As for Excel. Such table:
A | B | C | D | X |
---|---|---|---|---|
p | x | a | k | 1 |
p | x | a | l | 2 |
p | x | b | k | 3 |
p | x | b | l | 4 |
p | y | a | k | 5 |
p | y | a | l | 6 |
p | y | b | k | 7 |
p | y | b | l | 8 |
q | x | a | k | 9 |
q | x | a | l | 10 |
q | x | b | k | 11 |
q | x | b | l | 12 |
q | y | a | k | 13 |
q | y | a | l | 14 |
q | y | b | k | 15 |
q | y | b | l | 16 |
if X
is aggregated with sum
and mean
with A
and B
as rows and C
and D
as columns is shown as:
and as you can see you have sub aggregations and multi level rows and columns which I think we will not support in DataFrames.jl.
Ah okay. So the key benefit here is the nesting based on the D
column.
This is interesting, but I'm not sure its conceptually similar enough to be the same function as unstack
. But I will be interested to see an API emerge.
So the key benefit here is the nesting based on the D column.
yes - and the ability to:
- have more than one values column
- potentially transform this column
And all these three features are something that users ask about.
But what I want to avoid is:
- doing sub-aggregations (like the gray columns in the table from excel)
- the nesting of D column should be flattened and expressed as a column name
Finally if more than one values column is passed we need to decide how they are shown (Excel shows them as additional columns, but I am not sure it is the best approach if we do not support multil-level column index)
For me this functionality is mostly for transforming data....
It is indeed just aggregation and transposing in some sense. And aggregation and the proposed df_transpose() can handle it already, but it would not be displayed properly and it would lack some subtle features.
I guess this is very interesting feature (and already the main computation parts are available inside DataFrames.jl
) to include in DataFrames.jl
rather than ask people to install another package.

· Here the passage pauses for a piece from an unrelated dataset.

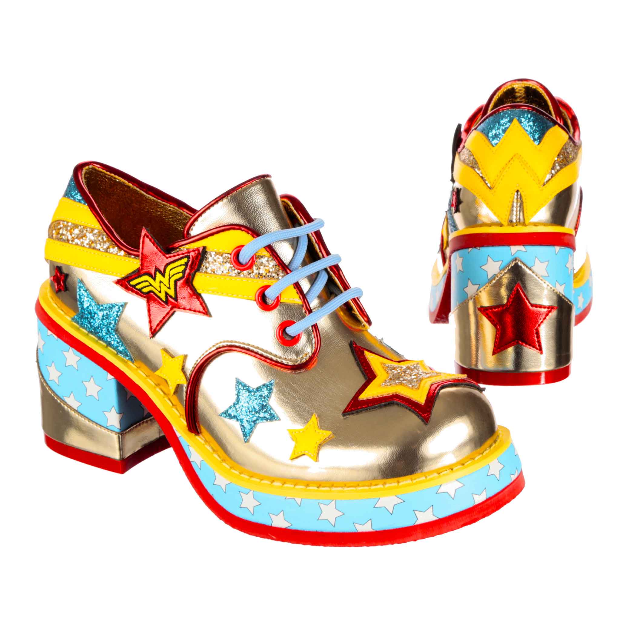 These wondrous 70s inspired chunky platforms are giving us all the BAM! POW! superhero feelings. These Wonder Woman inspired gold shoes are covered from heel to toe in yellow, blue, and red sparkling applique stars, and the heel design echoes Wonder Woman’s iconic tiara and breastplate in it’s detailing. Featuring a chunky platform and mid heel height, this style are super wearable with a generous fit and cute laces to finish.

I think people use pivots for more than just displaying...
I can't think of any other scenario? may you give some examples.
- doing sub-aggregations (like the gray columns in the table from excel)
Those bold numbers are also part of this.
My draft idea is:
The tabulation of data is nothing more than using combine
and transpose
(perhaps multiple calls to these functions). However, displaying these computations in a table (it is why I think pivot
is not the right word - maybe it is good for EXCEL!) is the key idea. Conceptually user selects which categories go to row and which go to columns, e.g.
A | B | ||||
---|---|---|---|---|---|
I | K | I | K | ||
P | X | ||||
Y | |||||
Q | X | ||||
Y |
I was thinking about this issue and come to the conclusion that the good API for all we need here is as follows (the arg/kwarg order/naming can be changed, but I want to pass a general idea).....
probably this proposal can handle the above scenario, however, the following scenarios don't fit in it
A | B | |||||
---|---|---|---|---|---|---|
I | K | I | K | |||
P | X | mean | ||||
X | var | |||||
Y | mean | |||||
Y | var | |||||
Q | X | mean | ||||
X | var | |||||
Y | mean | |||||
Y | var |
A | B | ||||||||
---|---|---|---|---|---|---|---|---|---|
I | K | I | K | K | |||||
sum | percent | sum | percent | sum | percent | sum | percent | ||
P | X1 | ||||||||
X2 | |||||||||
X3 | |||||||||
Total | |||||||||
Q | X1 | ||||||||
X2 | |||||||||
X3 | |||||||||
Total |
Maybe we need to gather information about the variables first, roughly like, user selects which variables are defining categories, and which variables are going to be used for aggregation and then arranges them in what ever order s/he likes, for example, lets call the names of the variables in our example as V1
, V2
, V3
, and V4
, and we want mean and sum for variable V5
. Then something like
[V1, V2,[sum mean]] ,[V3, V4] creates something like the first output above, and [V1, V2] ,[V3, V4, [sum mean]] creates something like the second one.
[V1, V2] means they nested with the order given, [V1 V2] means they are at the same level. Thus, [V1, V2, [sum mean]] means, sum and mean are at the same level however they are nested in V2 which is nested in V1. Sub-aggregation may have a special names but their place can follow the same rule. Also something like [V1, V2, [V3 V4], [mean sum], V6] is valid.
Closing it as I feel this will not get ported to DataFrames.jl. Feel free to re-open if you think otherwise.